One of the most profound things Nelson Mandela said was: “Education is the most powerful weapon which you can use to change the world.”
That quote has a particular resonance in this country today, as our children get into the first term of the year at primary and secondary schools and as our first-year university hopefuls still battle to find places in the tertiary education system. Mandela would have been horrified to see that, while education is a powerful weapon, there are those with weapons – be it petrol bombs, burning tyres or batons – facing off across the no man’s land of race.
That is what is happening at Hoërskool Overvaal in Vereeniging, following a court judgment which put a stop to the Gauteng department of education’s attempt to force 55 English-speaking pupils into the Afrikaans-medium school.
While there is undoubtedly truth in the accusation that language and culture are often used in this country to perpetuate the race politics of exclusion, there is also the reality that MEC Panyaza Lesufi and his officials have pursued the anti-racism crusade with a fanaticism, which includes playing fast and loose with justice.
In the end, it is the children who suffer. They are traumatised by the sight of pitched battles outside the school gates.

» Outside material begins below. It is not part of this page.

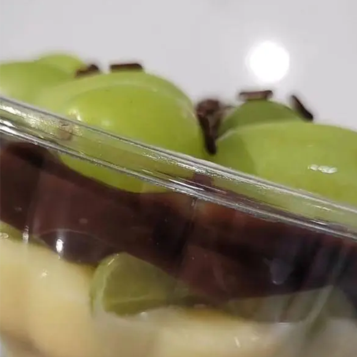 Brigadeiro Branco, Camada Generosa de Uva Fresca, Brigadeiro ao Leite, Finalizado com Granulle ao Leite.
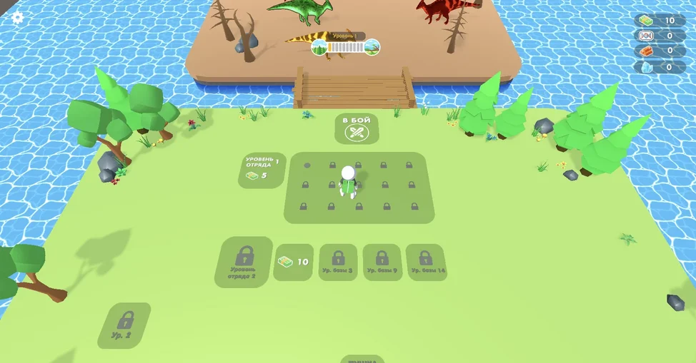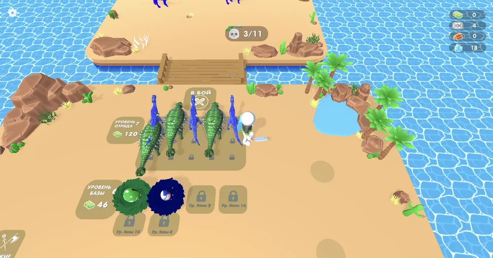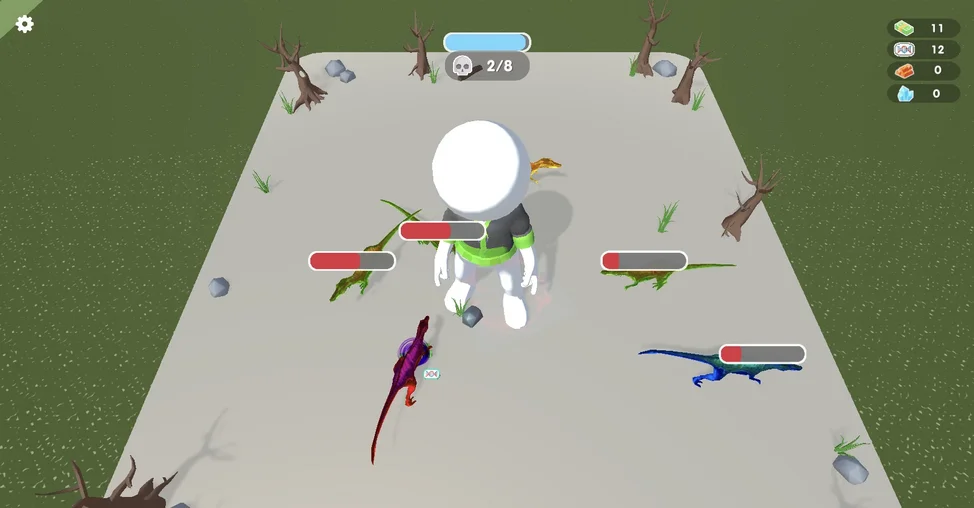 Открывай новых динозавров и усиливай свой отряд. Убей всех врагов на уровне чтобы перейти к следующему.

In other areas, too, children are mere numbers and pawns, as in the west of Johannesburg where, as we report today, a brand-new R97 million school – the pet project of Lesufi – sits just kilometres away from a rundown, dingy and unsafe collection of buildings purporting to be a school.
Our educational battles are increasingly being settled in court, or with protests in the streets … and the only sort of education our children are getting from this is that the best way to sort out a problem is with violence. We need to stop this madness.